# Hammock dilemma



## Batman (Sep 11, 2013)

So my rats lister and randy love hammocks the thing is rimmer does not he will shred them well today randy and lister were snuggled in it and rimmer just pounced on them and was trying to rip the hammock with them in it. What can I do to make them all happy lol
Sent from Petguide.com Free App


----------



## Grawrisher (Sep 10, 2013)

What about a cube? My girls aren't thrilled about "hammocks" per say but give them a cube an you've made their day, it's hidey an cozy! (And I you hang it they can pretend it's a hammock) there's also a chance he just likes to shred things 


Sent from Petguide.com Free App


----------



## Siringo (May 7, 2012)

Have you tried a honey comb hammock? That's the only hammock in my cage that doesn't have extra holes because it already has so many openings I guess.


----------



## Batman (Sep 11, 2013)

It doesn't matter if its cubed honey comb popcorn or arc shape he refuses to let anything hang I hung a rat chew with blocks and he went insane climbing the cage squeaking like he was hurt while stairong at it he acts like a crabby old man (no offense to anyone lol) 

Sent from Petguide.com Free App


----------



## Batman (Sep 11, 2013)

This is why my little furrys.don't have nice things the guilty party this little Guy (chubby muffin) eating the food he flung on the floor "sighs "

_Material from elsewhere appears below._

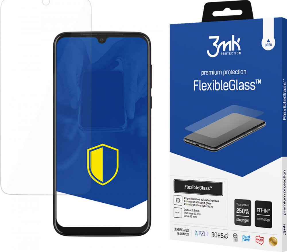 Hybridní sklo 3mk FlexibleGlass pro Motorola Moto G8 Plus s tloušťkou pouhých 0,3mm představuje vysokou odolnost a perfektní ochranu pro vaše mobilní zařízení, kombinuje nejlepší vlastnosti fólie a skla. Tato skla pokytují neviditelnou ochrannou vrstvu na displeji přístroje, s tvrdostí na úrovni 7H zajistí nepoškrábání displeje a poskytne mu zvýšenou životnost až o 250%. Tvrzená skla FlexibleGlass jsou velmi pružná, lze je ohýbat. Vysoký dojem pocitu autentického dotyku skutečného displeje je docilen 100% přesností a citlivostí, které je docíleno přesnou laserovou technologií výroby a flexibilními vlastnostmi materiálů. Bezproblémová aplikace bez bublinek díky nelepivé látce Inviscid-Sil™ a samolepícím štítkům Fit-In™, které pomáhají přesně umístit FlexibleGlass na displej. Produkt vyhovuje směrnici RoHS. Certifikát RoHS potvrzuje výrobu skla v souladu s normami ochrany životního prostředí. To znamená, že produkt neobsahuje ani neobsahuje stopy nebezpečných látek, jako jsou: olovo (Pb), rtuť (Hg), kadmium...
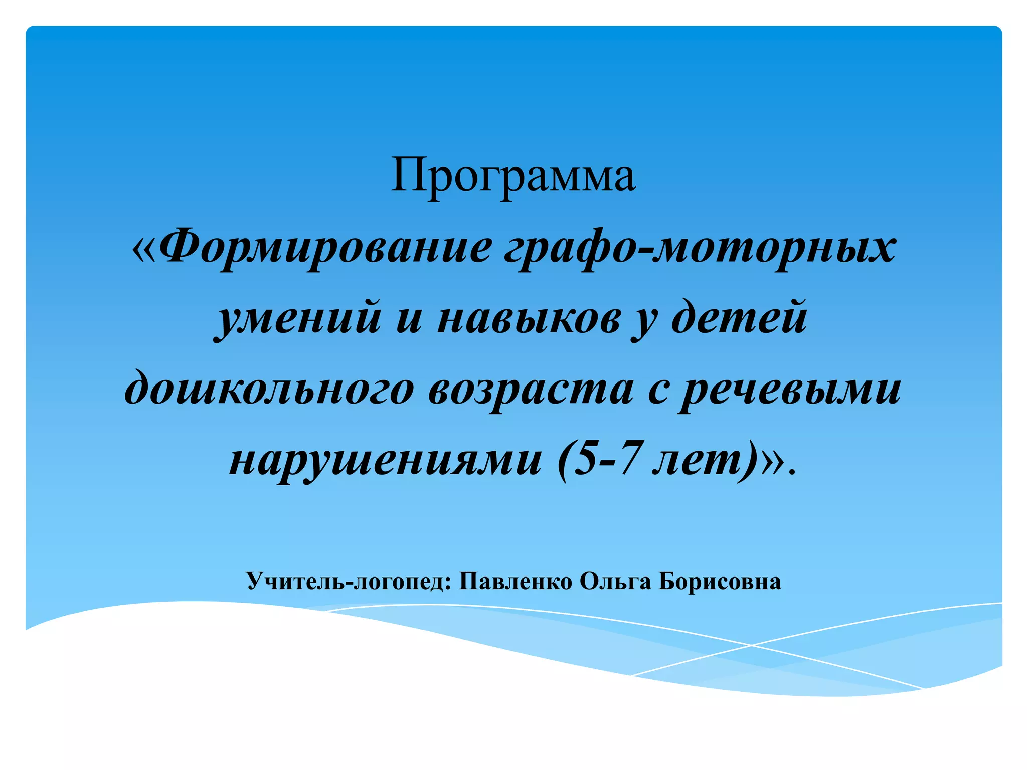 Документ описывает программу формирования графо-моторных умений и навыков у детей дошкольного возраста с речевыми нарушениями. Цель программы — предупреждение нарушений письма и чтения через развитие графо-моторных навыков. Включает задачи по развитию мелкой моторики, зрительно-моторной координации и другие аспекты, а также методы оценки и материалы для занятий.

Sent from Petguide.com Free App


----------



## PaigeRose (Apr 12, 2013)

Im having the same issue... Marci shreds everything and tries to pull any type of material inside the cage, even my sweater! 

I just give them a ridiculous amount of boxes which keeps em happy. And sometimes a half full roll of toilet paper they had fun it looked like it snowed over night in the cage lol

Sent from Petguide.com Free App


----------



## Grawrisher (Sep 10, 2013)

What if it's not hanging? You can just stick a cube or a cushion on a shelf maybe? Personally my rats tend to chew things that aren't hanging more, if I hang them they just point out design flaws, on the last cube I apparently didn't have enough entrances, aris chewed one more and now they love it, rats are silly boogers


Sent from Petguide.com Free App


----------



## Batman (Sep 11, 2013)

If its not hung its worse lol but he doesn't like the blocks he tries to shove it out of his cage if the doors opened he will throw it out its like it doesn't matter what the others like he just wants what he likes lol

Sent from Petguide.com Free App


----------



## Grawrisher (Sep 10, 2013)

I just remembered one of the little things in my cage! Ok so there's this little basket (can't remember what it's sposed to be for but I got like three of them for a little over a dollar at Walmart) then I filled that with a folded up fleece scrap an wrapped it around it too, then I attached it to the cage (i used a screw from a demolished perch, zip ties probably work too, then I stuck some other strips of fleece through the bars and draped one side of it over each side if the basket, they haven't really chewed it but then again it isn't exactly actually put together, hopefully my explanation makes sense, it won't let me upload pictures


Sent from Petguide.com Free App


----------



## Batman (Sep 11, 2013)

No it makes sense I'm just worried he'll be a little too.fat for it I mean he is kind of large o.o

Sent from Petguide.com Free App


----------



## Grawrisher (Sep 10, 2013)

Haha then get a bit bigger basket  I saw some slightly larger ones in the dollar section at target


Sent from Petguide.com Free App


----------



## Grawrisher (Sep 10, 2013)

Or use more attachment thingies, I'm goo with the one little screw because my girls are quite small (aris is an adult she's just little) and I also have another basket where I put new things (treats and toys) for them so they can decorate how they please and it's attached with 2 zip ties


Sent from Petguide.com Free App


----------



## Batman (Sep 11, 2013)

I'm definitely going to try it see if it pleases his royal Highness 

Sent from Petguide.com Free App


----------



## Grawrisher (Sep 10, 2013)

Haha  I made it because aris kept kicking penny out of the cue and at the time I didn't have any sewing stuff but I hope your ratties like it!!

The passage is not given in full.